One part of the nervous system where GABA plays a really important role is the parasympathetic nervous system. You may be familiar with what is called the fight or flight response. This is a system-wide response to perceived threats, resulting in activation and readiness to, well, fight or flee. There is a big chunk of your nervous system dedicated to these actions like fight or flight, that you don’t have to control consciously. This portion of the nervous system, called the autonomic nervous system, consists of portions of the brain just above the spinal cord, and nerves there which run into the rest of the body. There are two opposing parts of the autonomic nervous system; one, controlling fight or flight, is the sympathetic system. By now you may have guessed that the parasympathetic system is the balancing act, cleverly termed ‘rest and digest’ for its ability to counter the activation of the sympathetic branch.
Now we can go back to GABA by way of the vagus nerve. This is the major nerve of the autonomic system, and the longest nerve in the body. It starts out in the lower regions of the brain, and reaches to the lungs, heart, and gut, among other destinations. (Vagus comes from the Latin word for wanderer, and this nerve, and its branches, do wander around the thorax and abdomen.)
Activity of GABA-producing neurons in the vagus nerve calms the many organs that it reaches. Think of slowing your breathing, or heart rate, after being alarmed by some external stressor, such as a driver suddenly cutting you off, terrifying you in traffic. Perhaps counter-intuitively, a low level of sympathetic arousal occurs during exercise. The action of the parasympathetic system in recovering from these stresses is really important in maintaining cardiovascular health.
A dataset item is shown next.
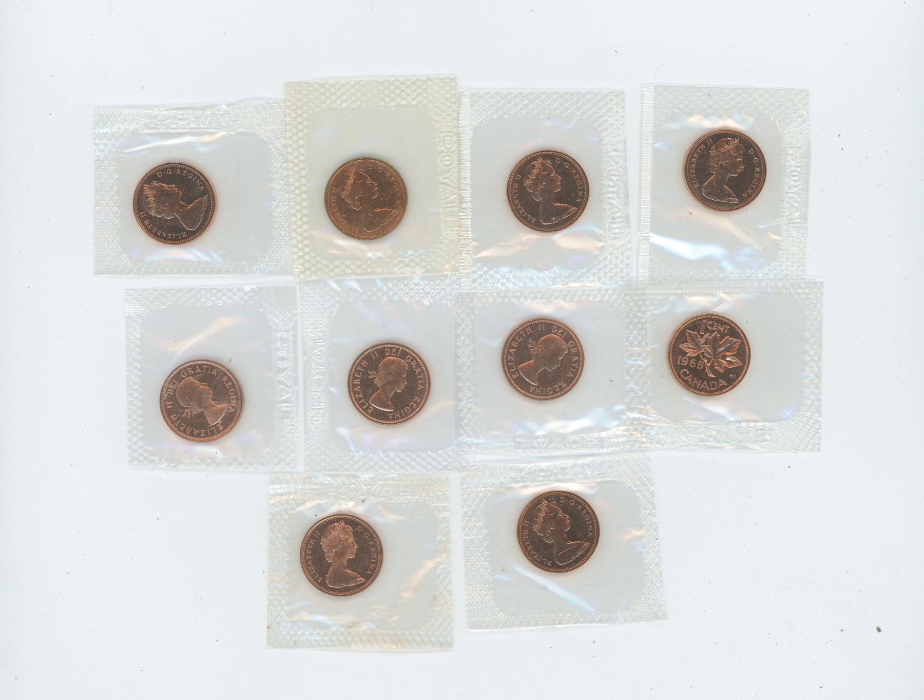 10 CANADIAN 1 CENT PROOF LIKE 1963X3,1965X6,1966
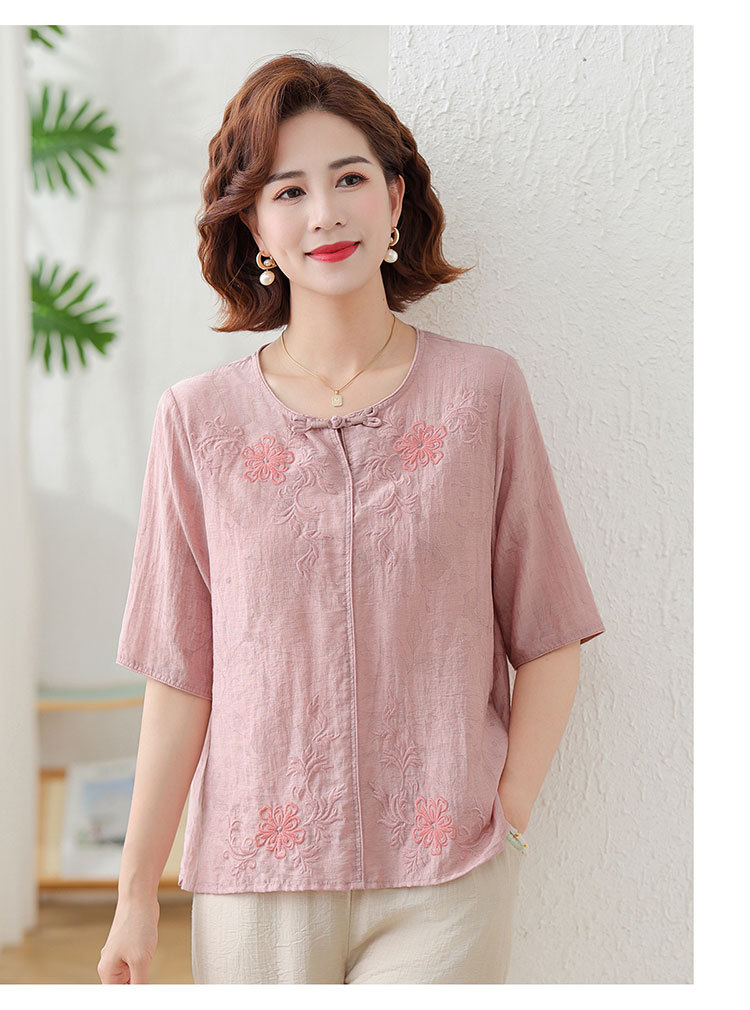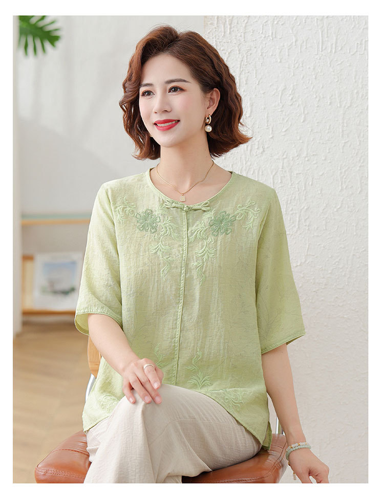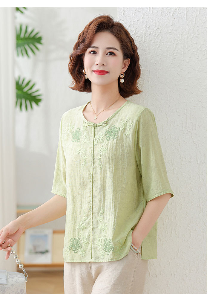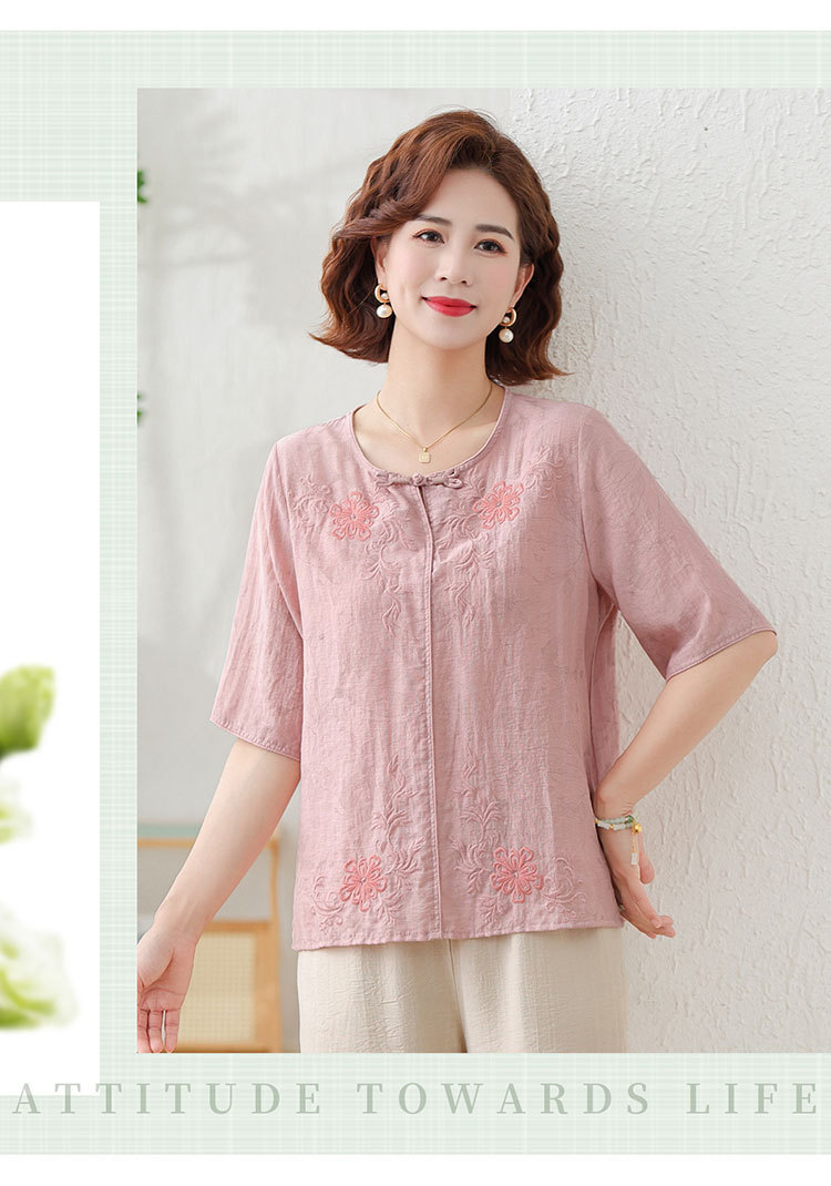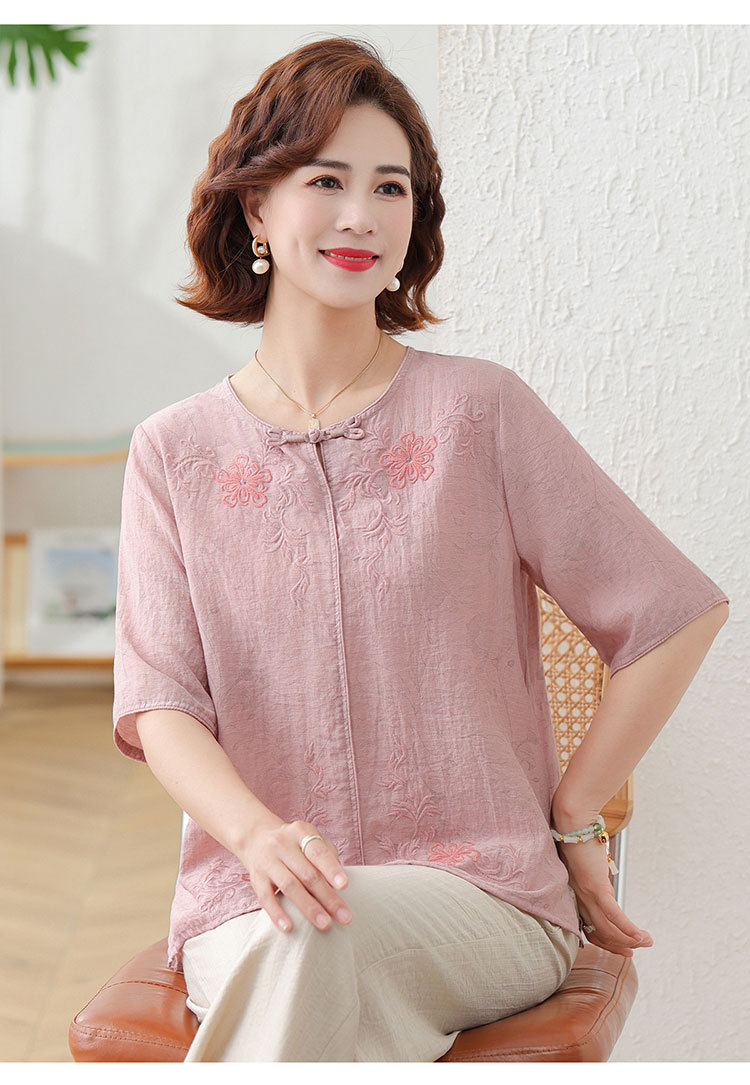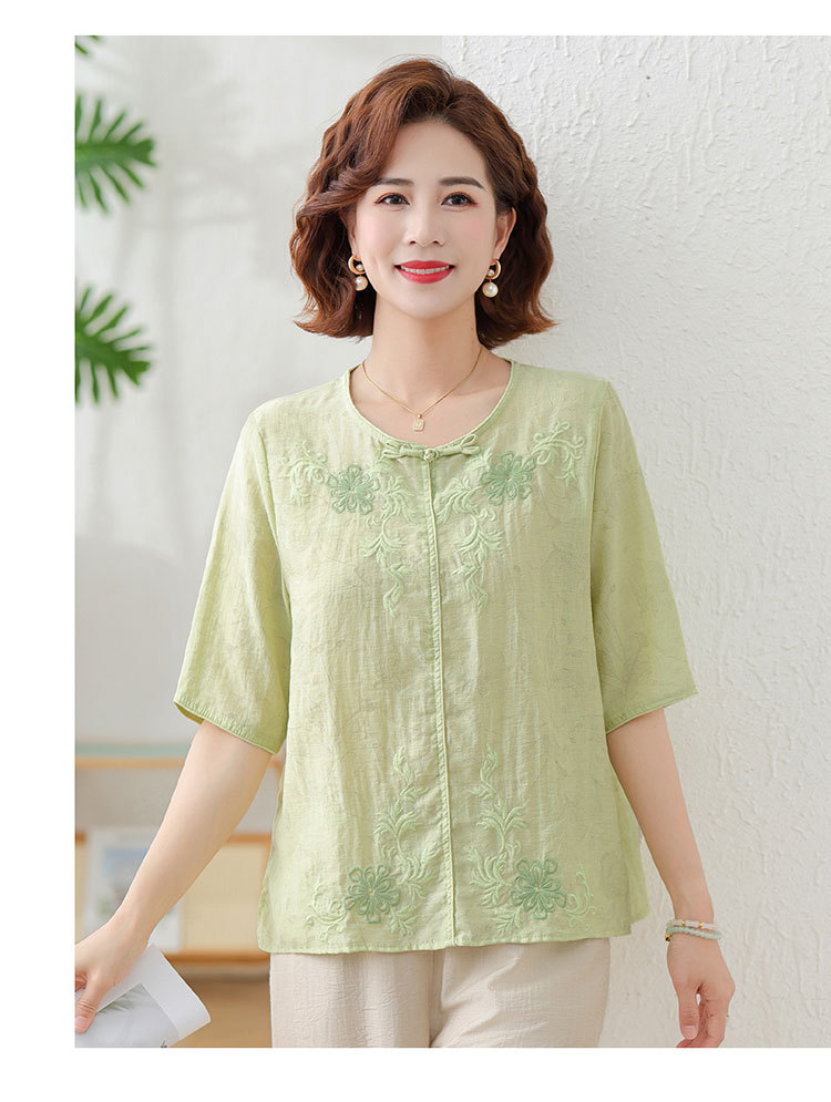 W574-25032单件上衣-80-138妈妈装夏装T恤薄款洋气小衫高贵中老年女母亲衣服国风新中式上衣

If you want to dive more deeply into the vagus nerve, this geeky neuroanatomy video will get you started. You can appreciate the many body locations it reaches, and also that information flows both to these organs (the ‘efferent’ path that the narrator describes) and back to the brain (the ‘afferent’ pathways). You may also be aware that there is a huge and diverse field of good research and (IMHO) wild speculation on how to engage the vagus nerve for a plethora of effects ranging from sleep to weight loss to addiction and trauma recovery.
Enter the fasting story. (And don’t forget exercise too.) These two activities directly calm and optimize a bunch of heart and lung functions by their role(s) in increasing BDNF output, and thereby optimizing GABA levels, in the vagus nerve.
And post script: as I was posting this, I saw a new study, not peer-reviewed (i.e. not subjected to the usual pre-publication critique of the typical scientific study), claiming that IF increases risk of heart disease. But, the devil is in the details, and this particular study suffers from a lot of those- so don’t dismiss IF!
Hi Beth, I thought of you on reading this article in the NYTimes this am
https://www.nytimes.com/2024/03/25/world/europe/italy-aging-valter-longo.html?ugrp=u&unlocked_article_code=1.fU0.QeAO.kZ6bLzYmonno&smid=url-share
Thanks for this piece Beth. I have been interested in BDNF and GABA for a while now and taking steps to improve, like exercise, nutrition and supplements but I will take a look at the video as well. I know that IF works miracles for lots of things.